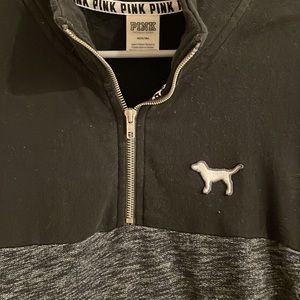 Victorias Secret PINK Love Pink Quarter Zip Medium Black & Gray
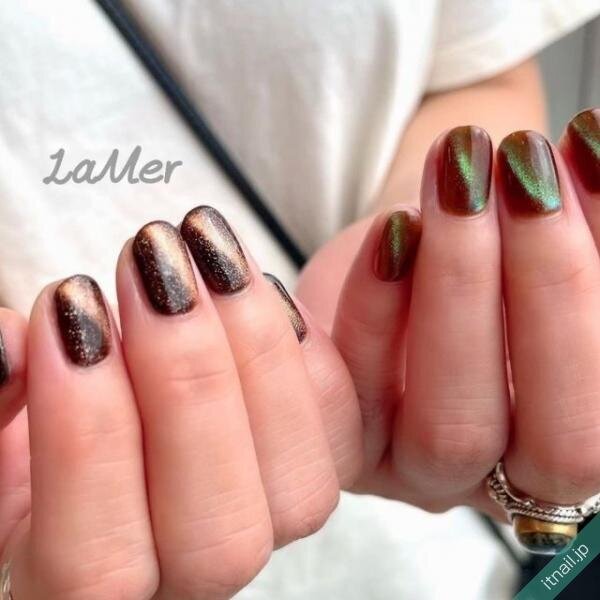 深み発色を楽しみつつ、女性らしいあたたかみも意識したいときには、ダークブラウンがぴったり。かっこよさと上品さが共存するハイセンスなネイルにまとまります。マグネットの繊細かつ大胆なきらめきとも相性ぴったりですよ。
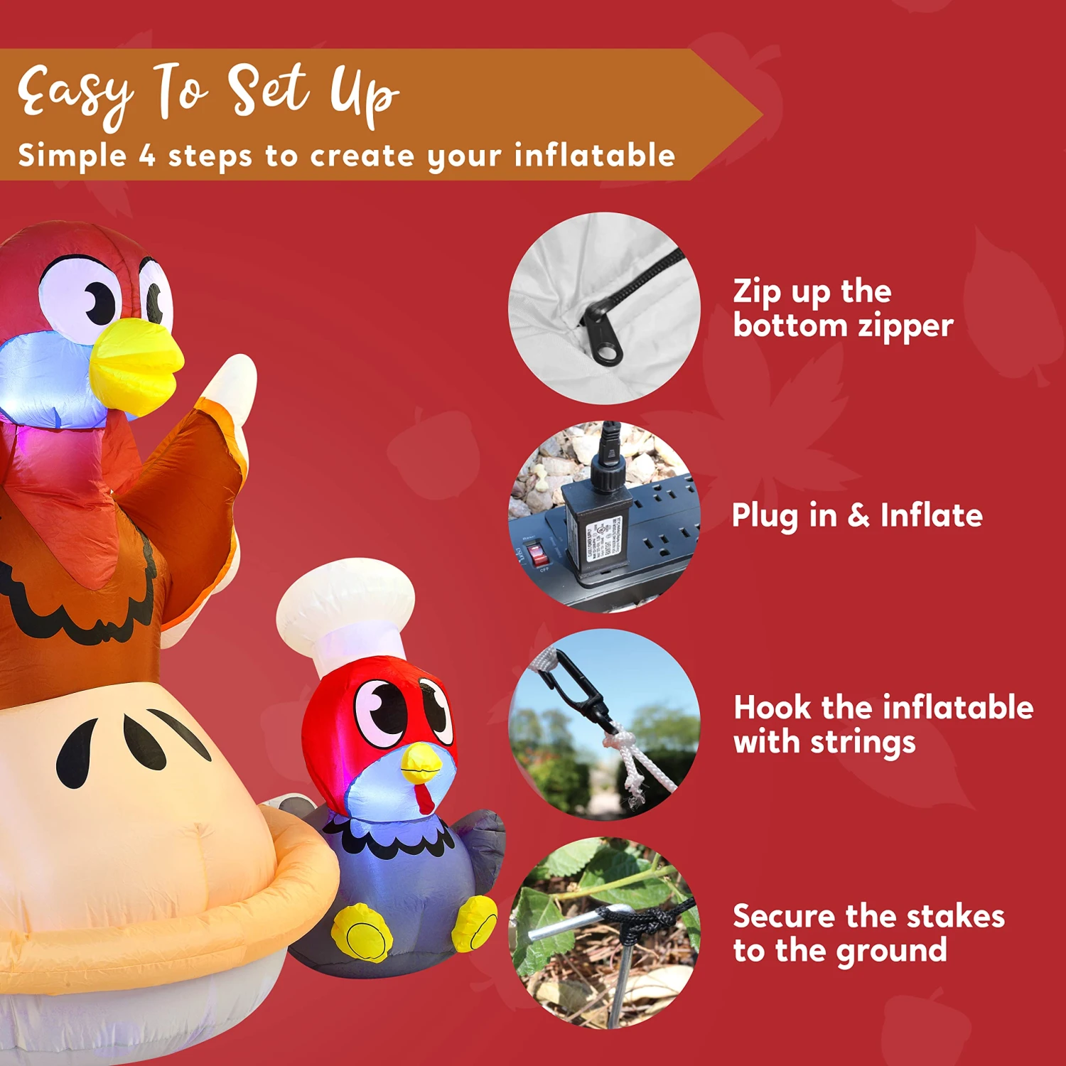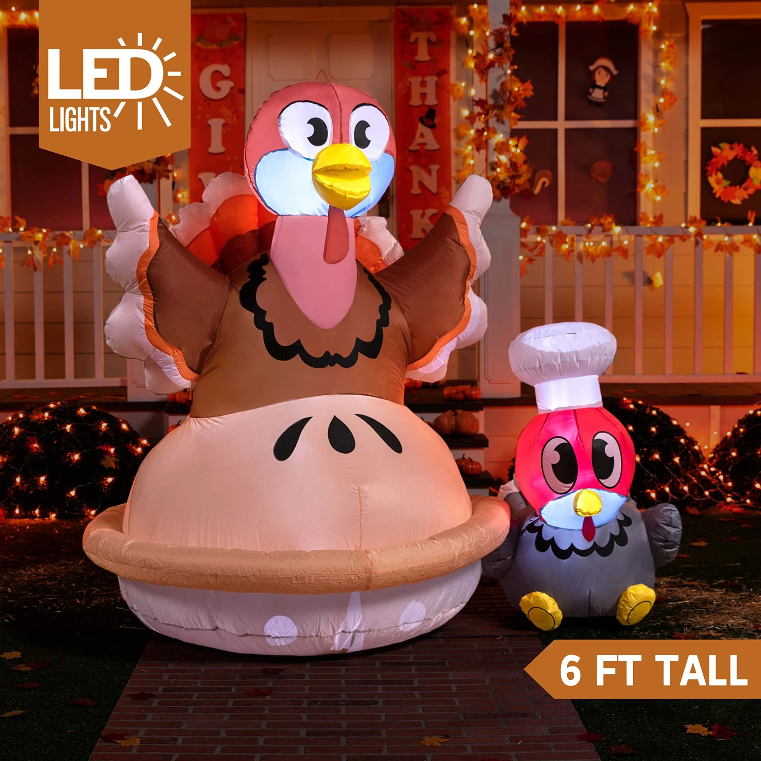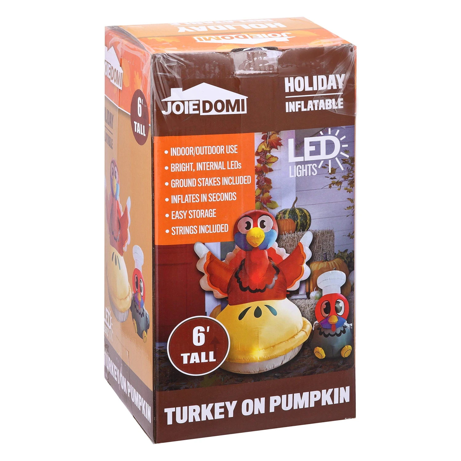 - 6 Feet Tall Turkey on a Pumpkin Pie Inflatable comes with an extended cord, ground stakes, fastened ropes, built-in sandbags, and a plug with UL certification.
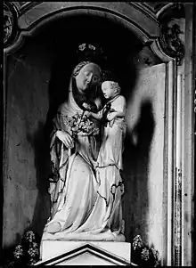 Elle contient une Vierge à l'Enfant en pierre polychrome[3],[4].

══════════

Action item:
Everything in the data above gets copied exactly. Only the pictures are skipped.

Task response:
 Victorias Secret PINK Love Pink Quarter Zip Medium Black & Gray
 深み発色を楽しみつつ、女性らしいあたたかみも意識したいときには、ダークブラウンがぴったり。かっこよさと上品さが共存するハイセンスなネイルにまとまります。マグネットの繊細かつ大胆なきらめきとも相性ぴったりですよ。
 - 6 Feet Tall Turkey on a Pumpkin Pie Inflatable comes with an extended cord, ground stakes, fastened ropes, built-in sandbags, and a plug with UL certification.
 Elle contient une Vierge à l'Enfant en pierre polychrome[3],[4].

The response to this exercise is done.